About the input data: It is common to order the data in chronological order. Train an test the first 80% of it and validate with the 20% remaining. Always sanitize text information, with tokenizer(split by ponctuation), stopwords(words with no feeling), stemmer(word root), and length(> 3).
- Python + pip + NumPy + SciPy + Scikit-Learn + Pandas + NLTK
Windows 32bits + Python 2.7:
- Download pre-build Windows packages compatible with your python version and architecture from: http://www.lfd.uci.edu/~gohlke/pythonlibs/
- NumPy (pip install numpy-1.11.3+mkl-cp27-cp27m-win32.whl)
- SciPy (pip install scipy-0.19.0-cp27-cp27m-win32.whl)
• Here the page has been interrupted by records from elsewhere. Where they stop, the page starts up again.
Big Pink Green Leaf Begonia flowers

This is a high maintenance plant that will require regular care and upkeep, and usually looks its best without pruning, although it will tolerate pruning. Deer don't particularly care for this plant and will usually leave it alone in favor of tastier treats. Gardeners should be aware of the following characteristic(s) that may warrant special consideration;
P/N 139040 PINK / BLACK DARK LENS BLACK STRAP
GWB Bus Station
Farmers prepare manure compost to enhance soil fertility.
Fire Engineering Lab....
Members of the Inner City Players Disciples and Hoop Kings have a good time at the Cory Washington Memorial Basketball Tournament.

- Scikit-learn (pip install scikit_learn-0.18.1-cp27-cp27m-win32.whl)
- Pandas (pip install pandas-0.19.2-cp27-cp27m-win32.whl)
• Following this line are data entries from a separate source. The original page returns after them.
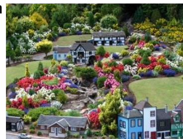
Babbacombe Model Village

8.00 - 9.45am Enjoy a leisurely breakfast before your journey home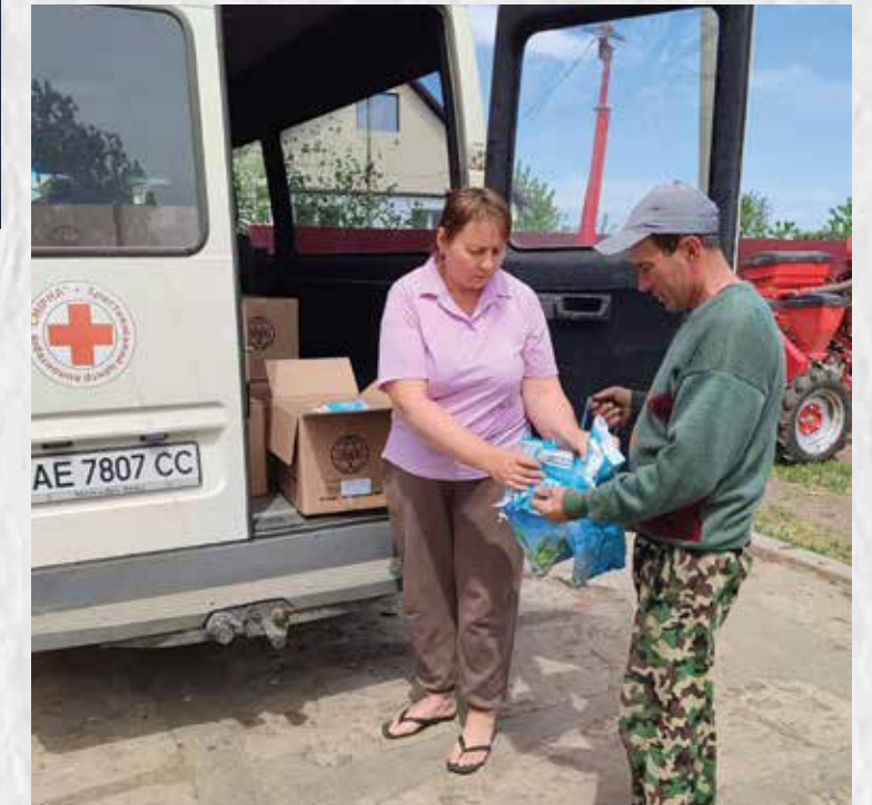
GAP Meals Distributed in Ukraine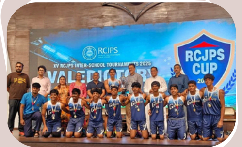
Rajagiri Christu Jayanti Public School Inter-School Basketball Tournament U-19 - First Prize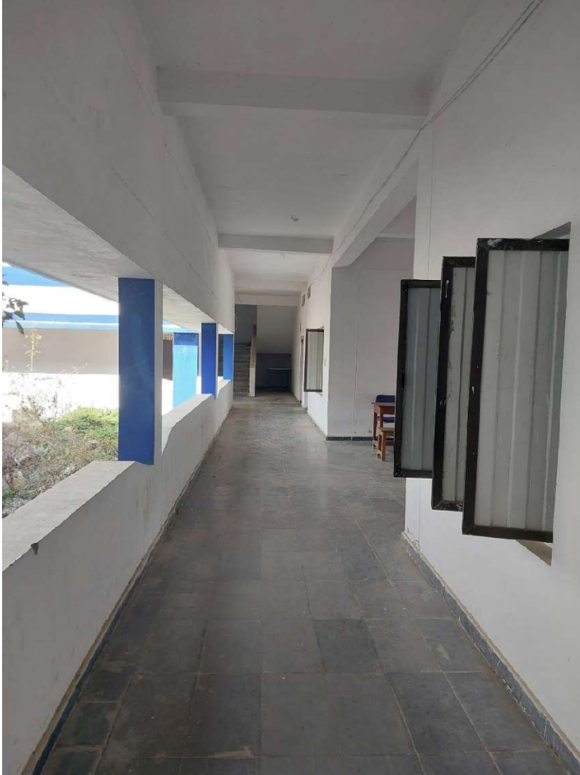
Pic 6 – Tiled Corridor in the First floor

Any place that anyone can learn something useful from someone with experience is an educational institution – Al Capp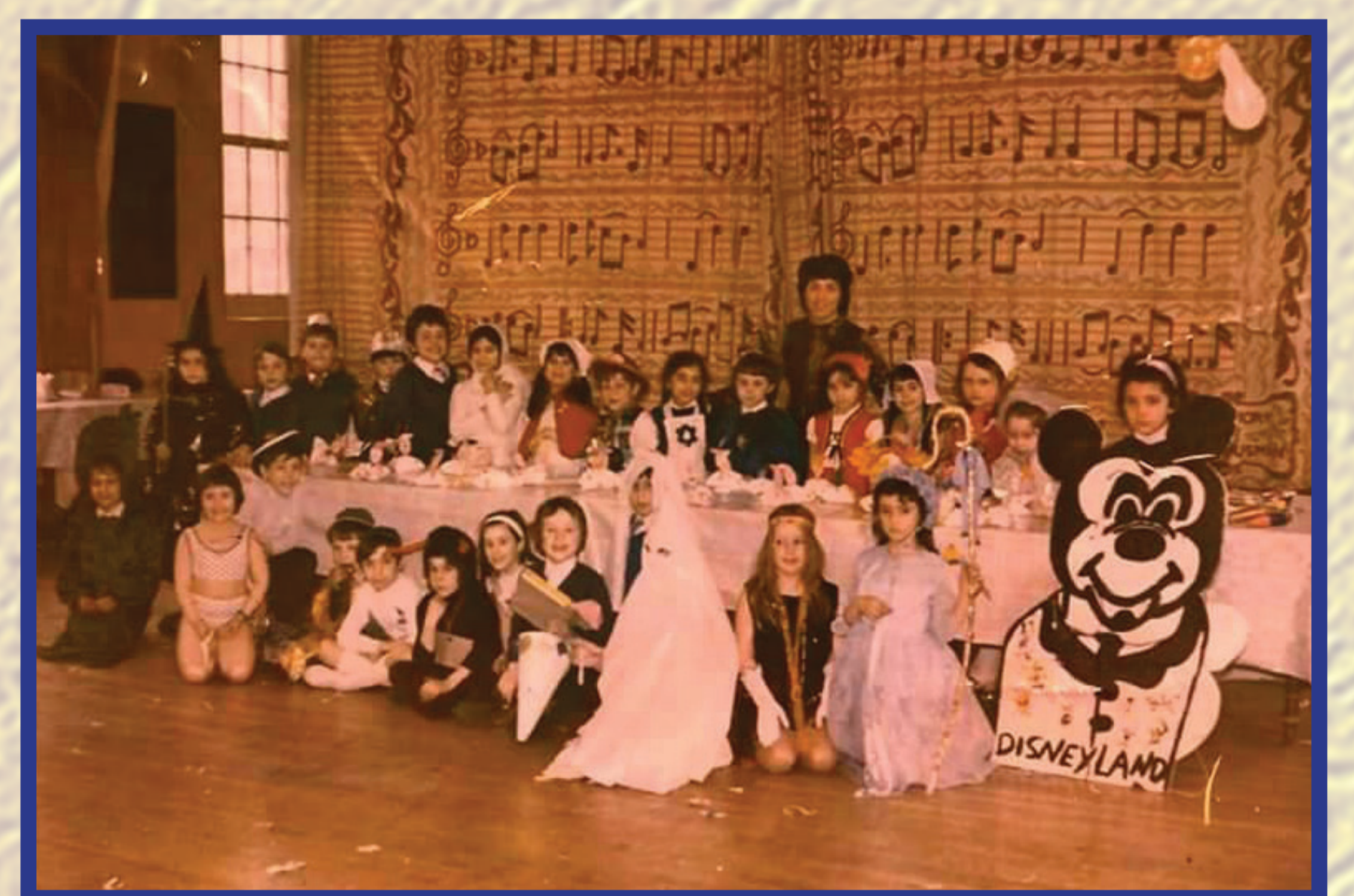
Purim at Simon Marks Primary School, c.1975.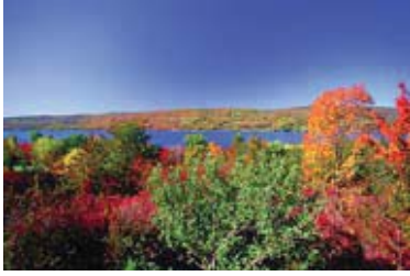
SFL30 wall: 36, 46, 243, 244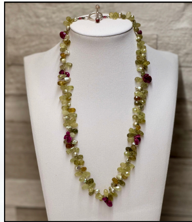
DESIGNS BY MAGZ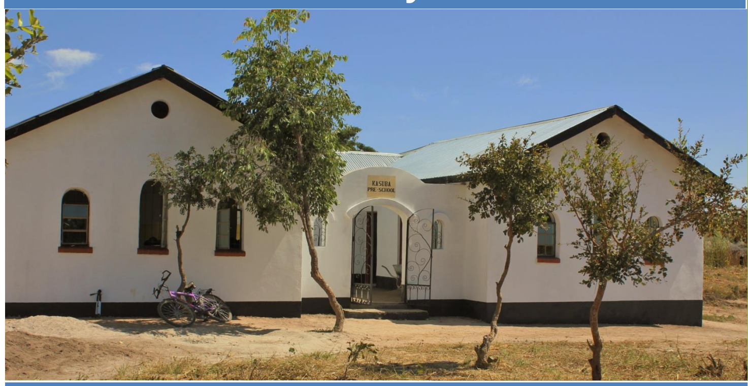
Jan-May Activity Report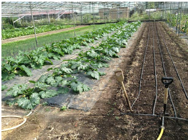
Drip line set-up to water under sheet mulch

The benefits of using drip irrigation for water efficiency cannot be overstated. Claims of 70% reduction in water use compared to sprinklers seem dramatic but they're not unrealistic when you consider that the water goes directly to crop roots and never sits on the surface, subject to evaporation. On the down side, the pipes can interfere with weeding and cultivation operations and once set up, aren't usually moved until the crop is pulled out. This means it's not so practical for short term crops but worth considering for perennials and crops grown through mulches or ground cover, or for protected crops that need constant watering.

- NLTK (pip install nltk-3.2.2-py2.py3-none-any.whl)
Linux:
- pip install numpy
- pip install scipy
- pip install scikit-learn
- pip install pandas
- pip install nltk
Download additional NLTK libraries:
import nltk
NLTK Stopwords Corpus: nltk.download('stopwords') Portuguese Language Sufix Remover Stemmer: nltk.download('rslp') Ponctuation Tokenizer: nltk.download('punkt')
Two categories classification:
$python classify_animals.py
- simple pig or dog classification
$python classify_accesses.py
- client chance to buy based on page access
$python classify_searches.py
- client chance to buy based on page search
Three categories classification:
$python classify_client_situations.py
- client feeling based on page access
$python classify_client_situations_kfold.py
- client feeling based on page access, using kfold
Other:
$python classify_emails.py
- classifying emails and categorizing it
$python classify_cleaned_emails.py
- classifying cleaned emails and categorizing it